Main Outcome Measures
Progesterone levels and methylation changes.
Results
A total of 40 eligible women undergoing IVF-ET cycles were evaluated. On the basis of methylation analyses of CXCL14, EMCN, RARRES1, PAEP, THBS2, and GPX3, no statistically significant correlation was found with the median serum P4 levels on the day of ET. When participants were grouped into quartiles on the basis of P4 levels on the day of ET, no statistically significant differences were observed in the methylation levels of CXCL14, SERPING1, EMCN, RARRES1, PAEP, THBS2, and GPX3. The median P4 levels were significantly lower in the thawed ET group (median, 21.4 ng/mL; interquartile range, 13.3–24.0) than in the fresh transfer group (median, 24.0 ng/mL; interquartile range, 18.0–45.0).

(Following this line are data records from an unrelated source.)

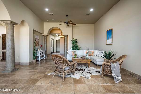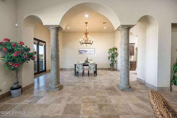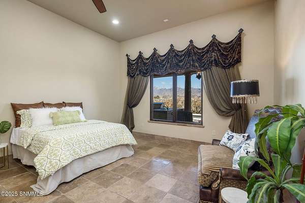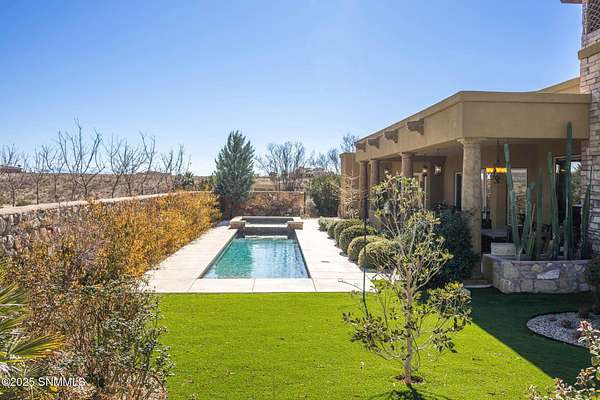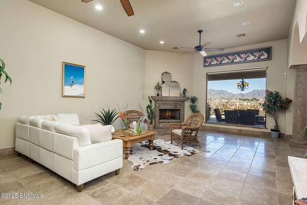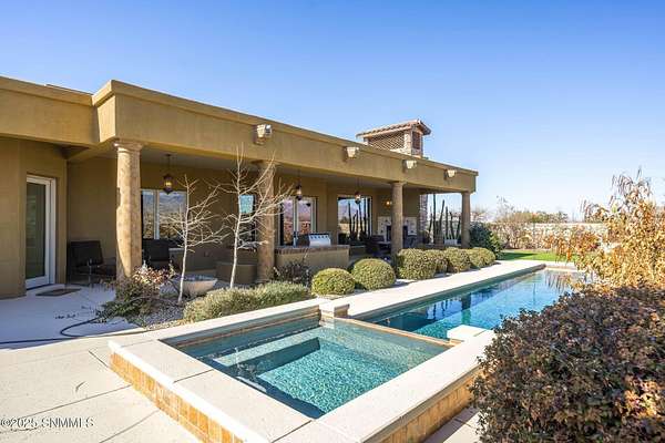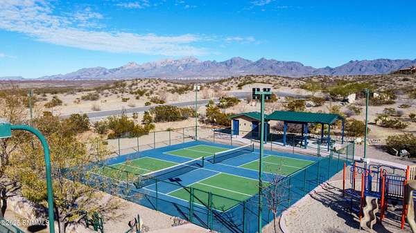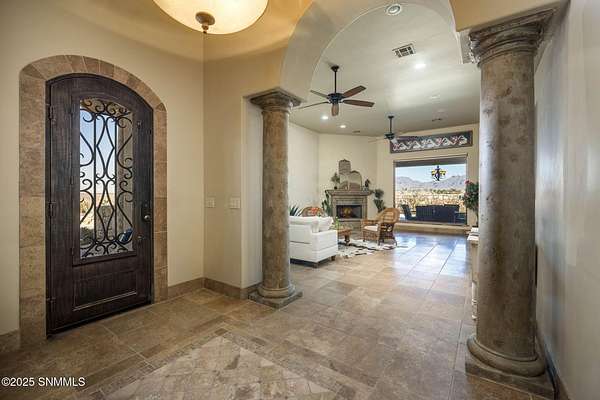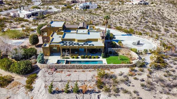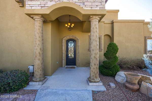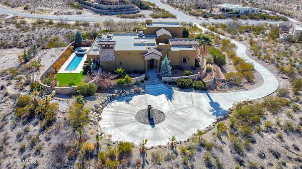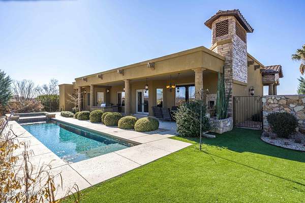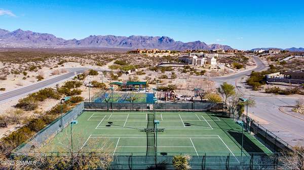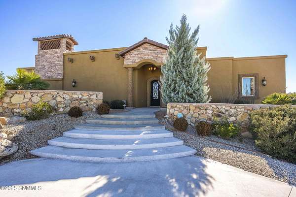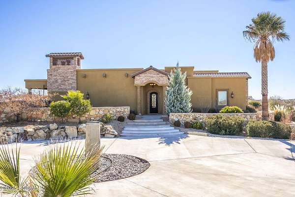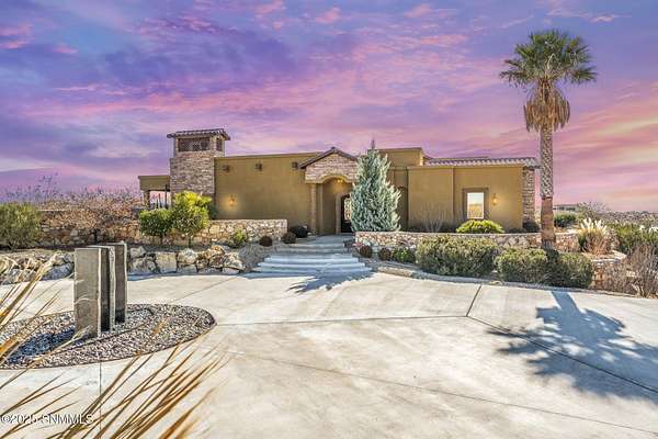 This home offers elegant living on one of the highest hills in Escondida. Large homesite with panoramic views of the Organ mountains. No detail was left out, from the talavera tile floors with tile base to the gourmet custom kitchen which includes viking appliances and custom cabinetry. All 3 bedrooms have an en suite bathroom. Primary bedroom has a flex area adjacent for a perfect home gym area or home office. The upstairs flex room can easily be another bedroom as it includes 1/2 bath and closet space. Or can be an incredible entertaining space with its large center island, sink/wet bar area and balcony. The outdoor patio features a fire place, built in grill and sink . The perfect size pool and spa all with views of the Organ mountains. Beautiful mature bushes and trees and exotic cactus surround the home in beautiful terraced gardens giving the home an oasis in the desert feel! Neighborhood tennis, pickle ball courts and playground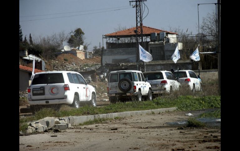 Talal Barrazi, gobernador de la provincia de Homs, declaró a la televisora libanesa Al-Mayadeen que el ataque ocurrió a finales de la tarde el sábado y que los camiones fueron afectados por dos bombas a la orilla de la carretera y un morterazo del lado rebelde.Sin embargo, Ahmad al-Qusair, activista de Homs, negó la existencia de bombas en la carretera y dijo que el convoy fue atacado con morteros disparados por las fuerzas del gobierno.Barrazi declaró más tarde a la televisión estatal siria que dos camiones pudieron llegar más temprano el viernes a vecindarios controlados por los rebeldes.Al-Mayadeen también reportó que dos camiones con alimentos pudieron entrar a territorio rebelde el sábado.Por su parte la televisión estatal informó que cuatro miembros de la Media Luna Roja siria fueron heridos por fuego de los rebeldes en la zona, pero no ofreció más detalles.La Media Luna Roja siria informó en su página de Facebook que sus miembros pudieron entregar 250 paquetes de alimentos y 190 paquetes con detergente y medicinas en el vecindario de Hamidiyeh a pesar de ser atacados con fuego de mortero. La organización agregó que uno de sus miembros fue herido de levedad y que dos camiones sufrieron daños.No quedó claro de inmediato por qué los medios estatales sirios dijeron que cuatro paramédicos fueron heridos pero la Media Luna Roja indicó que fue sólo uno. Barrazi dijo que unos 100 civiles esperaban ser evacuados de las áreas rebeldes todavía no habían llegado. El viernes, 83 niños, mujeres y ancianos en sillas de rueda fueron evacuados de Homs, los primeros en salir de la zona en varios meses, informó la ONU.Las fuerzas sirias leales al presidente Bashar Assad han impedido la entrada de alimentos y asistencia médica a partes de la ciudad controladas por los rebeldes desde hace más de un año, lo que ha afectado gravemente a cientos de civiles atrincherados en esas zonas. Hubo un acuerdo de tregua de tres días para permitir la evacuación de algunos civiles y la entrada de alimentos.Al-Mayadeen transmitió imágenes en vivo desde la Plaza del Reloj de la ciudad en que se vieron dos camiones blancos con distintivos de la Media Luna Roja siria cuando regresaban después de no poder cumplir su misión. El reportero de la estación en la zona dijo que una bala penetró el radiador de uno de los camiones."Después que los vehículos avanzaron unos 200 metros explotaron dos bombas a la orilla de la carretera y cuando siguieron avanzando cayó un mortero disparado desde la zona de Hamadiyeh", dijo Barrazi refiriéndose al vecindario controlado por los rebeldes.El sábado más temprano, un funcionario sirio dijo que había habido combates y que un mortero cayó cerca de personal de la ONU. Un activista dijo que los combates comenzaron cuando fuerzas del gobierno dispararon 11 cohetes hacia Hamidiyeh. El funcionario habló a condición de no ser identificado porque no estaba autorizado a hablar con los reporteros.Valerie Amos, jefa de los servicios humanitarios de la ONU, dijo en un comunicado el sábado por la noche que estaba decepcionada de que la tregua humanitaria de tres días se haya roto y que hayan atacado a los socorristas.Por su parte, el Observatorio Sirio de Derechos Humanos, con sede en Gran Bretaña, dijo que dos personas perdieron la vida y otras fueron heridas en un ataque contra vecindarios controlados por los rebeldes del que los vecinos culparon a fuerzas del gobierno.Homs fue una de las primeras zonas que se levantó contra el gobierno del presidente Assad en 2011 y ha sido golpeada duramente en la guerra. Durante los últimos meses el gobierno ha recuperado el control sobre la mayor parte de la ciudad, con excepción de unos cuantos vecindarios en el centro histórico. Una coalición de activistas exiliados sirios dijo el sábado que temen que el acuerdo se use como un "preludio a la destrucción de la ciudad por parte del régimen".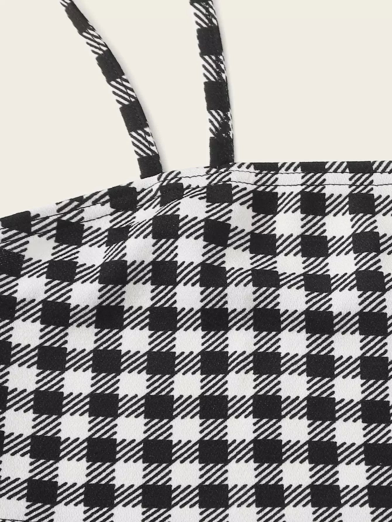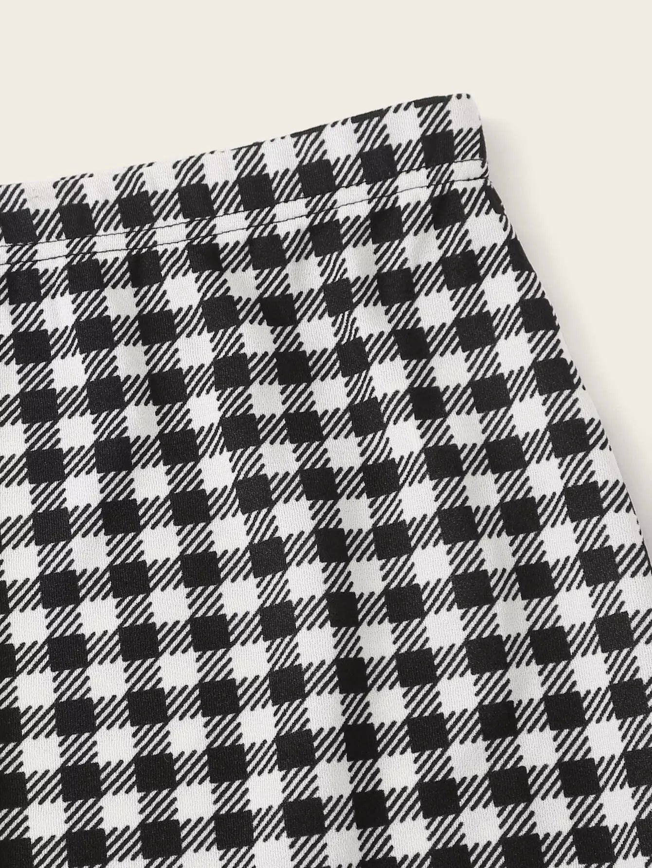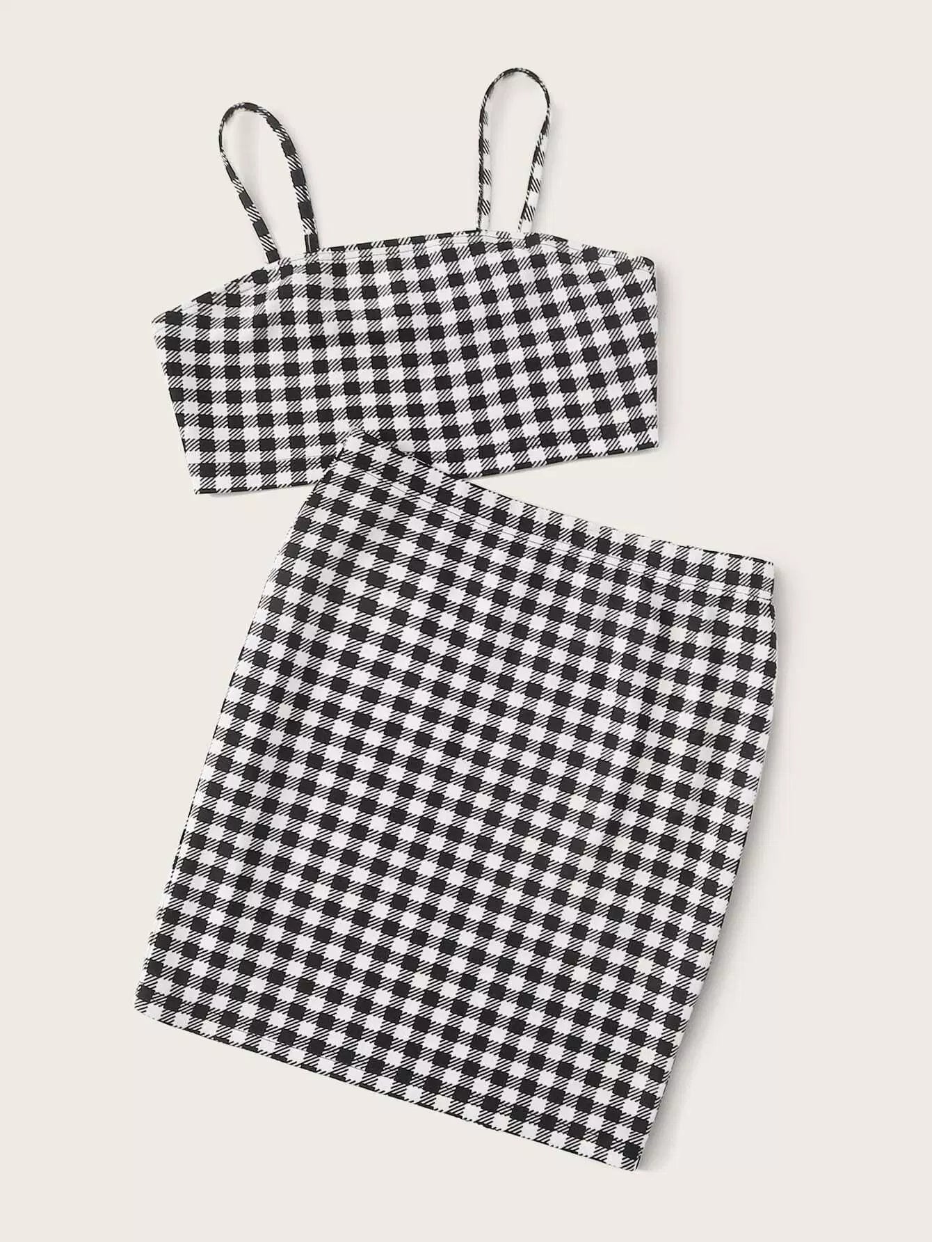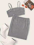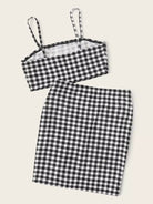 طقم تنورة وقميص كامي بنقشة مربعات

No significant differences in gene methylation levels were observed between fresh and thawed transfer types, except for THBS2, which showed significantly lower methylation levels in the thawed group than in the fresh group. Although the median P4 levels were lower on day 3 transfers (16.6 ng/mL) than on day 5 transfers (22.4 ng/mL), the difference was not statistically significant. Similarly, no significant differences in methylation levels were detected when comparing day 3 vs. day 5 ET groups.
Conclusion
No association was found between early and mid-luteal phase P4 levels and methylation changes of implantation-related genes in cervical secretions during both fresh and frozen IVF cycles.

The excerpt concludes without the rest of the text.